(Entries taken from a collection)
______

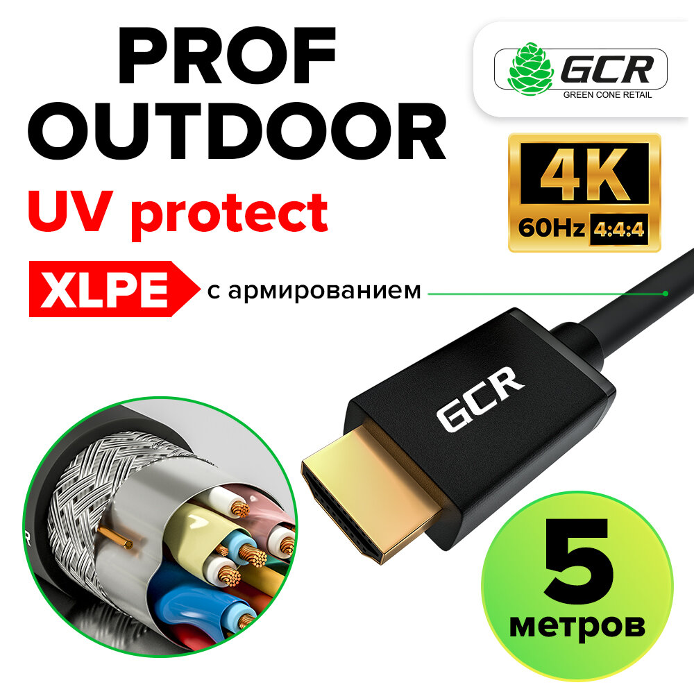 GCR Кабель синхронизации 7.0m HDMI 2.0, XLPE, Outdoor, Ultra HD, 4K 60Hz, 18.0 Гбит/с, HDR 4:4:4, 3D, черный, 2 Х э
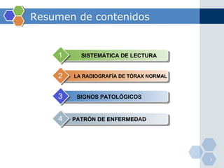 Este documento proporciona una guía sobre la lectura sistemática de radiografías de tórax, incluyendo la apariencia normal, signos patológicos comunes y su descripción. Explica cómo evaluar la calidad de la imagen y estructuras como el mediastino, corazón, pulmones, diafragma y huesos. Describe hallazgos anormales como consolidación, derrame pleural, neumotórax, masas y patrones de enfermedad difusa. El objetivo es enseñar a reconocer varias condiciones médic
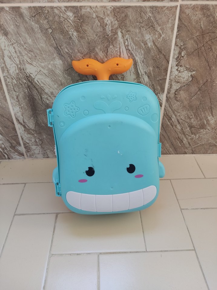 Renkli mavi çocuk oyun çantası, yuvarlak ön yüzü ve turuncu kuyruk tutacağı ile balina tasarımına sahip. Suyla vakit geçirmek isteyenler için ideal
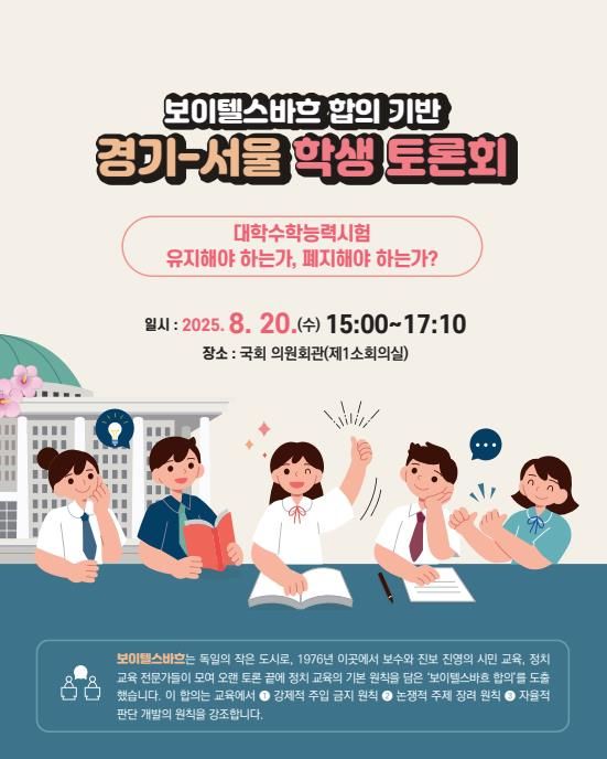 [경기경제신문] 경기도교육청이 20일 서울특별시교육청 국회 교육위원장 김영호 의원과 함께 ‘보이텔스바흐 합의 기반 경기-서울 학생 토론회’를 공동 개최한다. 학생들에게 보이텔스바흐 원칙을 바탕으로 교육을 포함한 정치·사회 분야에 적극적인 토론 기회를 제공하고자 마련한 자리다.
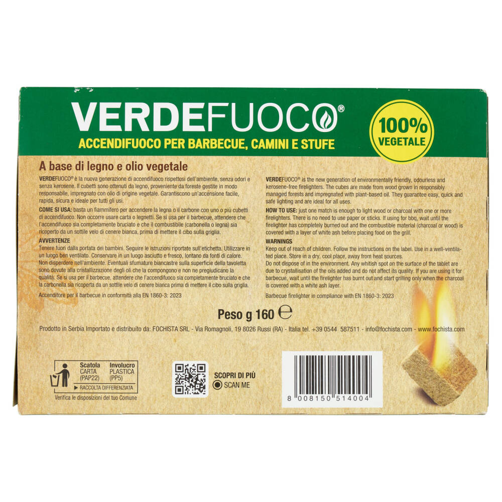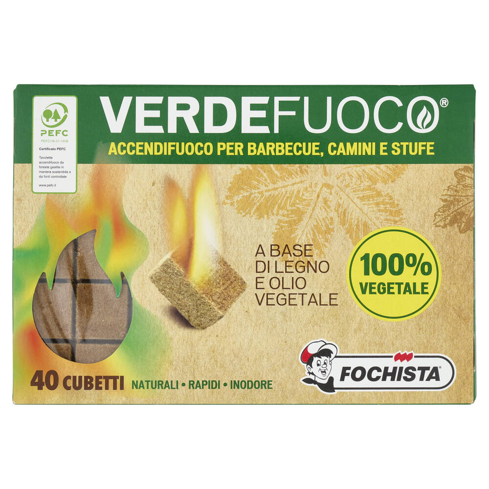 Verdefuoco è la nuova generazione di accendifuoco rispettosi dell'ambiente, senza odori e senza kerosene. Il cubetti sono ottenuti da legno, proveniente da foreste gestite in modo responsabile, impregnato con olio di origine vegetale. Garantiscono un'accensione facile, rapida, sicura e ideale per tutti gli usi.
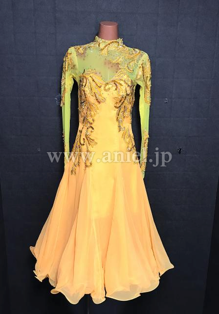 黄色のハイネックロングスリーブドレス
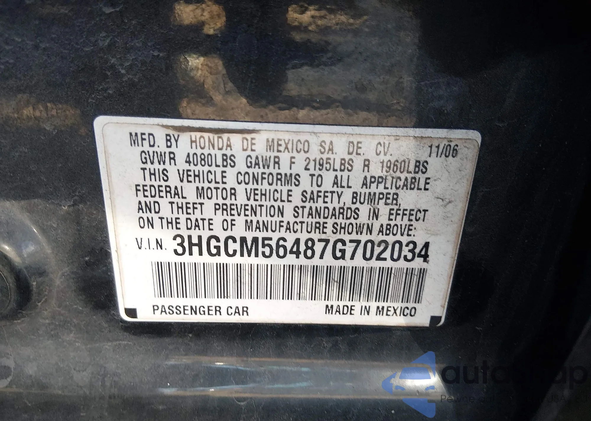 VIN: 3HGCM56487G702034
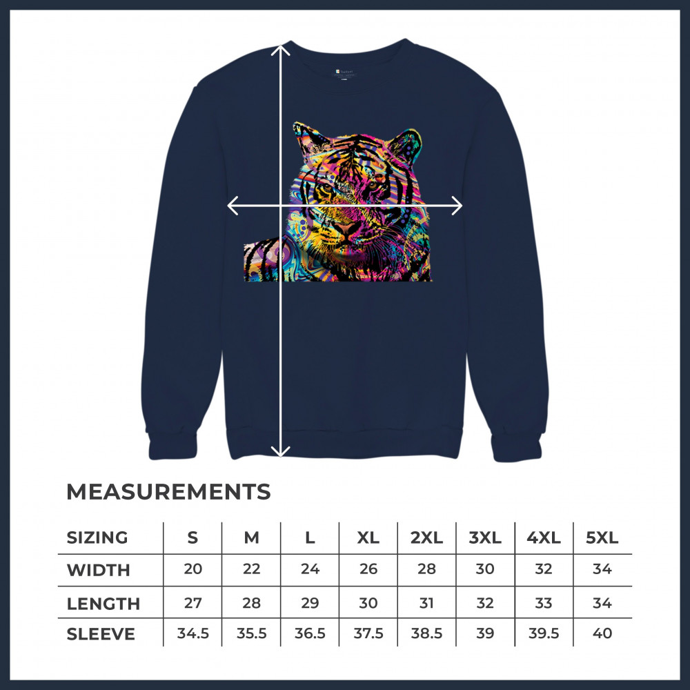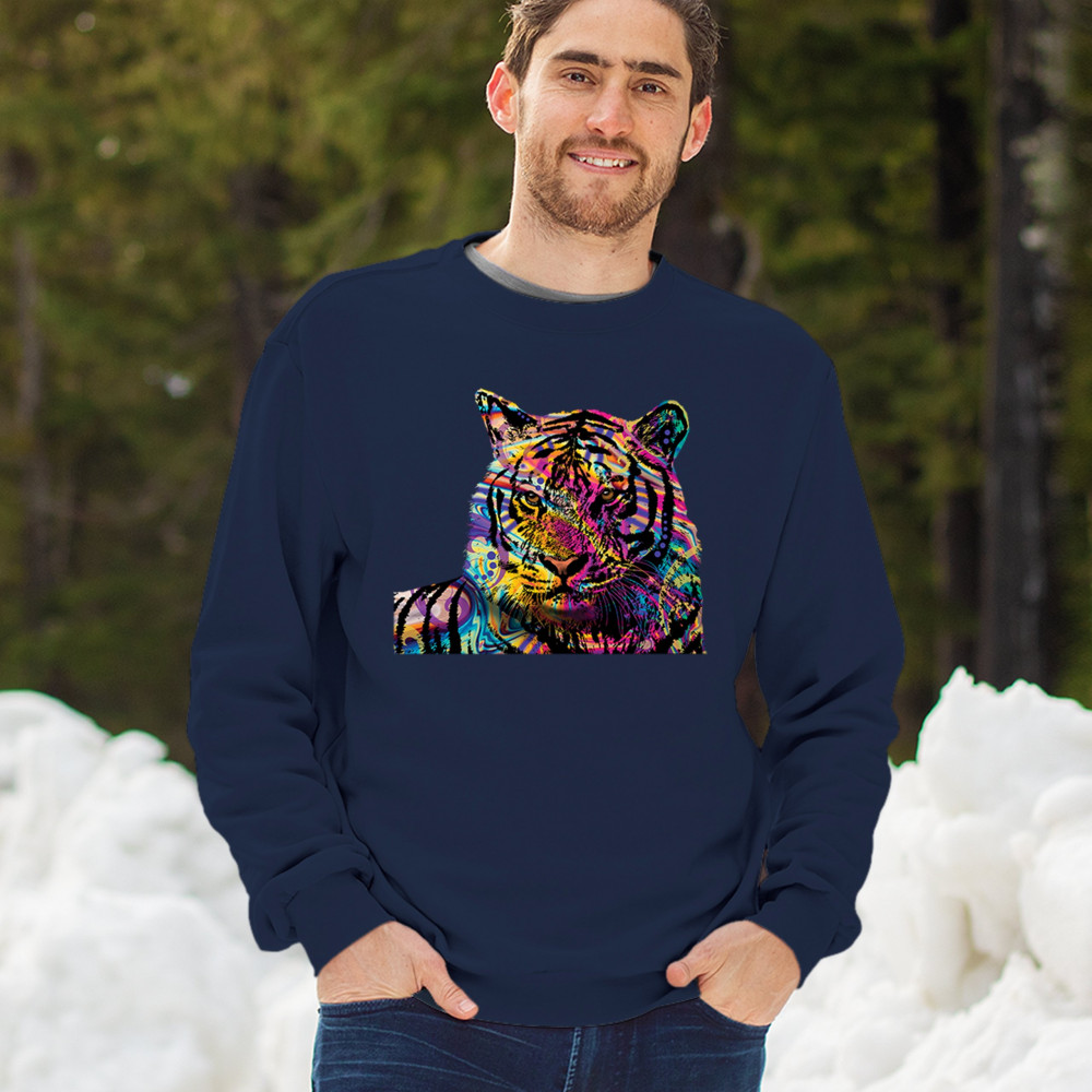 DEAN RUSSO COLORFUL NEON SIBERIAN TIGER sweatshirt wild big cat crewneck navy blue
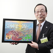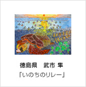 新しい命が生まれてきて、ウミガメの子たちも一生懸命海に向かっていった、いろんな情景が頭や心の中に残っていて、それを全部はきだしたということが伝わってきて、この絵を選びました。
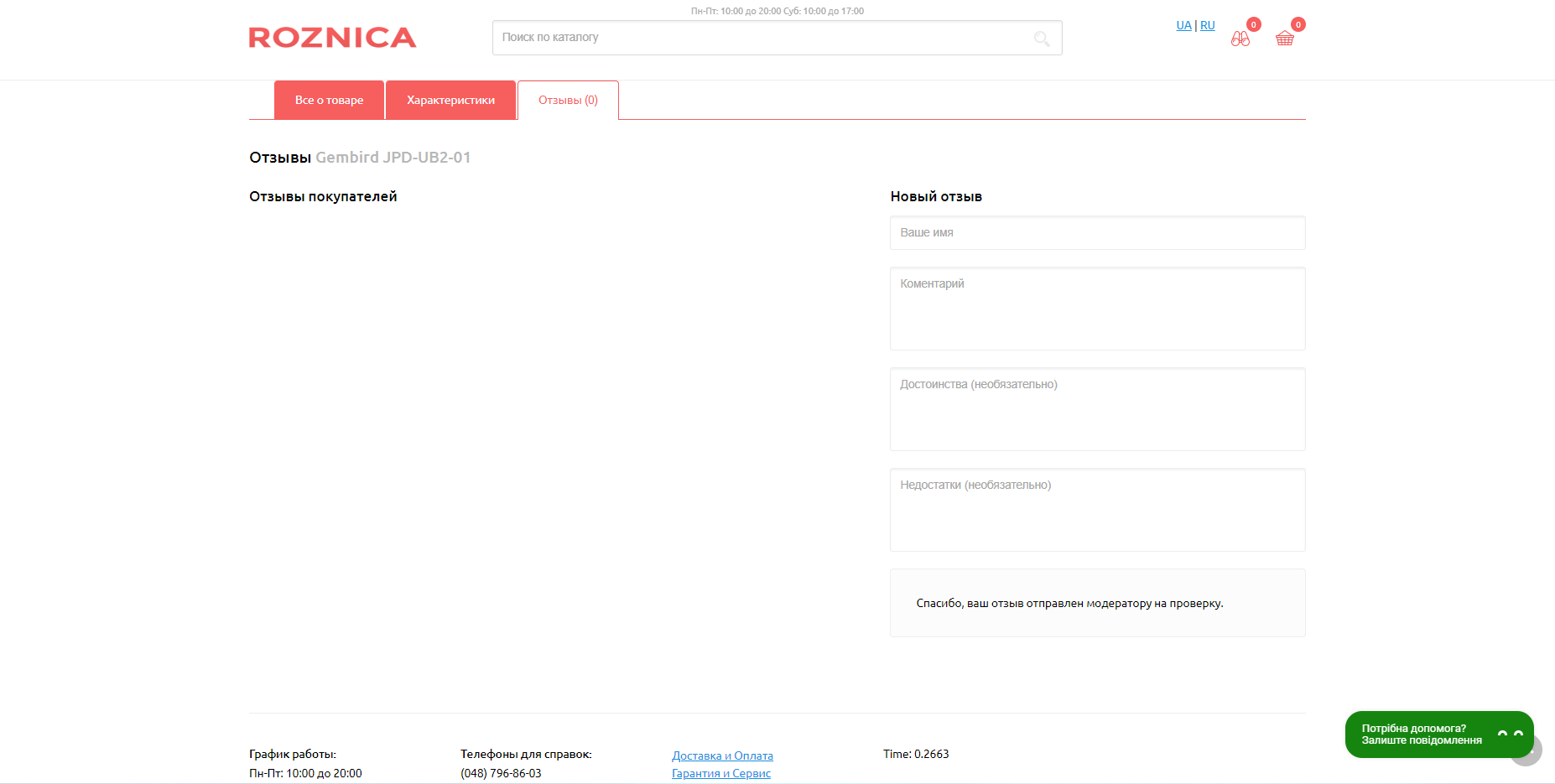 отзыв отправляется при не заполных полях для отзыва

______

TASK BRIEF: Beginning with the line above that contains "Verdefuoco è la" and finishing with the line that contains "VIN: 3HGCM56487G702034", print those lines exactly and only. Skip all pictures.

RESPONSE TO THIS EXERCISE:
 Verdefuoco è la nuova generazione di accendifuoco rispettosi dell'ambiente, senza odori e senza kerosene. Il cubetti sono ottenuti da legno, proveniente da foreste gestite in modo responsabile, impregnato con olio di origine vegetale. Garantiscono un'accensione facile, rapida, sicura e ideale per tutti gli usi.
 黄色のハイネックロングスリーブドレス
 VIN: 3HGCM56487G702034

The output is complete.